Нежданно-негаданно возник базар. Говорили все, перебивая друг друга, хором и нервно, размахивая руками, закатывая глаза к потолку. В свои пятьдесят шесть лет Куликовский видел всякое. Но чтобы уважаемые люди все скопом могли поднять такой гвалт, люди, от которых обычно веет холодностью и степенностью, высокомерием и неприступностью, – такого не видел. Он, разумеется, абсолютно ничего не понял, поэтому поднял вверх руку, призывая всех к тишине. Тишина наступила так же внезапно. Куликовский почесал мизинцем в ухе, будто прочищал его, и сказал:

– Теперь еще раз, но по очереди.

– Мы сегодня ночью ходили на кладбище, – деловито начал Ежов.

– Да? – поразился Куликовский, немного повеселев. – А зачем?

Ежов усмотрел в вопросе откровенную насмешку. И ему это не понравилось. Он не любил, когда над ним насмехаются. Вспылив, что стало заметно по резко сжавшимся губам и раздувающимся ноздрям, Валентин Захарович сделал жест рукой: мол, пусть продолжает следующий, а я не желаю попадать в глупое положение.

– Нас пригласил туда Ким Рощин, – продолжил Сабельников.

Рощина хорошо знал и Куликовский. Само собой, он знал также, что тот умер, а посему, приподняв брови, недоуменно произнес:

– Не понял.

– Мы, – начал веско Фоменко и для пущей важности свел брови к переносице, – встретились с Рощиным на кладбище по его просьбе… то есть требованию. До этого он к каждому из нас приходил или сообщал о себе другими способами. На кладбище Рощин сказал, что уничтожит нас за семь дней. Он показался нам в проеме часовни, мы ворвались в часовню, а его там не оказалось. Все.
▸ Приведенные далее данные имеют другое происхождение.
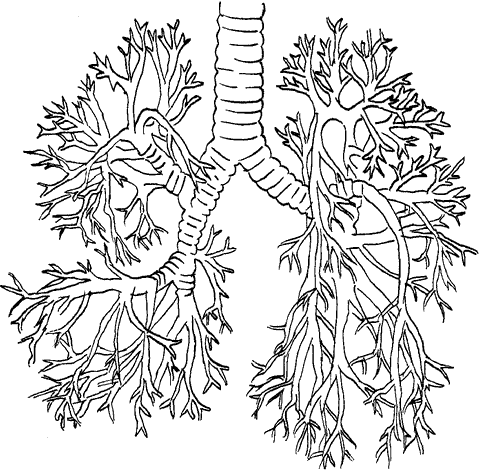 Бронхиальное дерево представляет собой систему сосудов, делящихся, как ветки деревьев. Ствол дерева – это трахея, а ветви – бронхи. Количество сегментарных делений бронхов (по разным моделям) – от 16 до 23. Дальнейшее парное деление сегментарных бронхов увеличивает их число до 100 тыс. Самые маленькие бронхиальные сосуды имеют диаметр не более 1 мм. Конечные разветвления бронхов называются бронхиолами. Они образуют пористую (губчатую) делящуюся сеть, по которой осуществляется движение воздуха к альвеолам, где и происходит насыщение крови кислородом. В бронхиолах воздух очищается от пыли, микробов и прочих частиц, которые осаждаются в просвете бронхов. Процесс очищения воздуха от примесей называется в медицине мукоцилиарным (от латинского mucus – «слизь», cilia – «ресничка»). Он происходит с помощью ресничек, расположенных на внутренней поверхности бронхов, которые совершают непрерывные колебательные движения по направлению к трахее и вместе со слизью, находящейся на ее поверхности, выводят все патологические частицы в глотку.
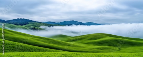 Abstract landscape background concept. Serene green hills under a cloudy sky, showcasing nature's tranquil beauty.
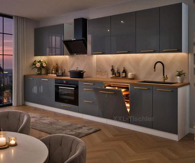 Küchenzeile Emma 340 cm DW MDF Grau Hochglanz- Küche 3,4m, mit Arbeitsplatte
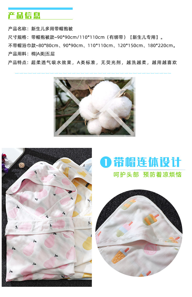 아기 이불 여름 면화 4 계절 면화 5 층 거즈 얇은 신생아 후드 타월 싱글 목욕 타월
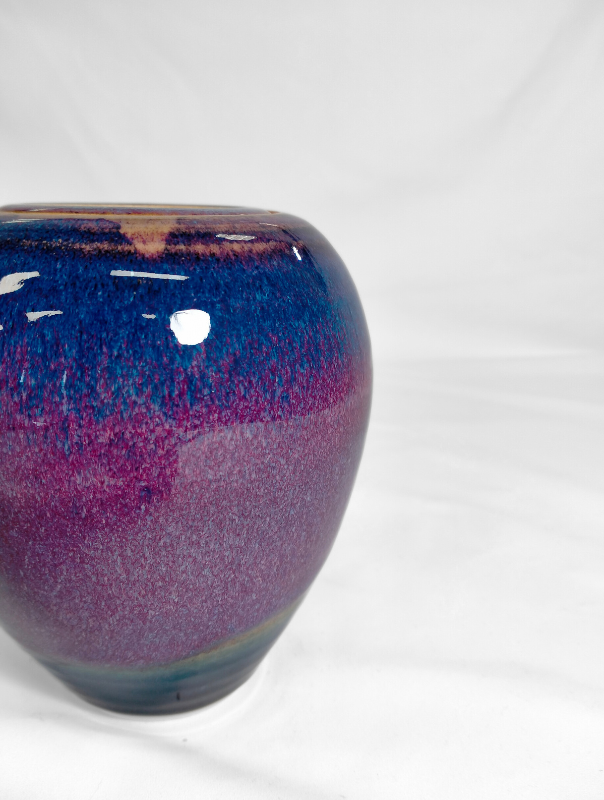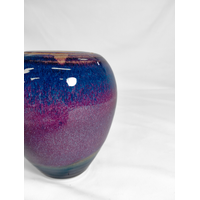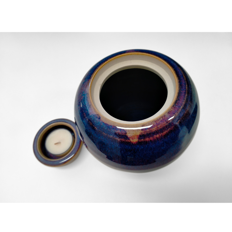 A beautiful ceramic candle urn hand-thrown by West Australian artist, Hayley Bangham of Conscious Clay. This urn is hand glazed in the Ether Element palette. Ether is a striking mixture of violet and midnight blue bound together with pools of cream, magenta and dusty pink. All the colours of our cosmos.
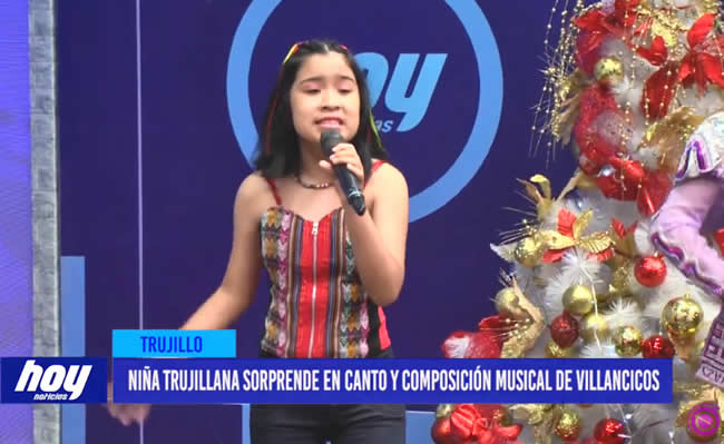 Y todavía es más sorprendente cuando esa persona tan joven. Este es el caso de Cristhine Antonella, una niña trujillana de 11 años que definitivamente ha llegado a los corazones de muchas personas a su alrededor, con su tema musical es navidad y lo presentó en Hoy Noticias para amenizar el ambiente navideño.
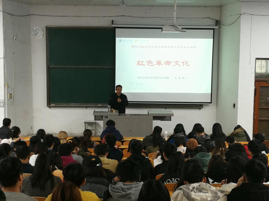 2019年11月19日,艺术与传媒学院在金花校区教4-118举办“文化素养大讲堂”第二讲“红色革命文化”,学院特邀公司马克思主义学院近现代史教研室主任程森副教授作题为《从关中精神到照金精神——中国革命的陕西道路》的报告,学院辅导员组长张晓宾主持报告会,全体辅导员和200余名员工聆听了报告。
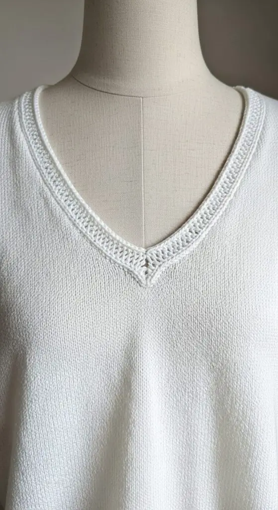 Thereโs something timeless about a V-neck tee, especially one crocheted with soft, fine yarn. It has that easy โthrow on and goโ vibe, which is why people wear it constantly. The V shape also draws attention upward, adding a flattering flow to the neckline.

Куликовский выслушал его с выражением человека, которого огрели по голове рессорой, – человек покуда не упал, но вот-вот это произойдет. Он застыл с выражением тоски и боли. Да, ему, хронически недосыпавшему последнюю неделю по долгу службы, семь человек причинили сейчас боль. «Поднять меня в такую рань! – страдал он про себя. – И я притащился… чтобы услышать эту ахинею! Кто они после этого? Правильно их народ не любит». Куликовский славился сдержанностью. Не уронил себя и в данный момент, хотя позыв послать подальше чокнутую семерку по-милицейски прямо был. Тем не менее он обернул все в шутку:

– Друзья мои, а сколько вы выпили?

Что тут началось! Будто бензина в огонь плеснул.

Ежов с пеной на губах:

– Вы не смеете не верить и обвинять нас в пьянстве! Мы бы не обратились к вам, если бы сами могли это объяснить. Всем сразу не могло померещиться!

Одновременно с ним Зина:

– Если бы вы там были! Это было ужасно, ужасно…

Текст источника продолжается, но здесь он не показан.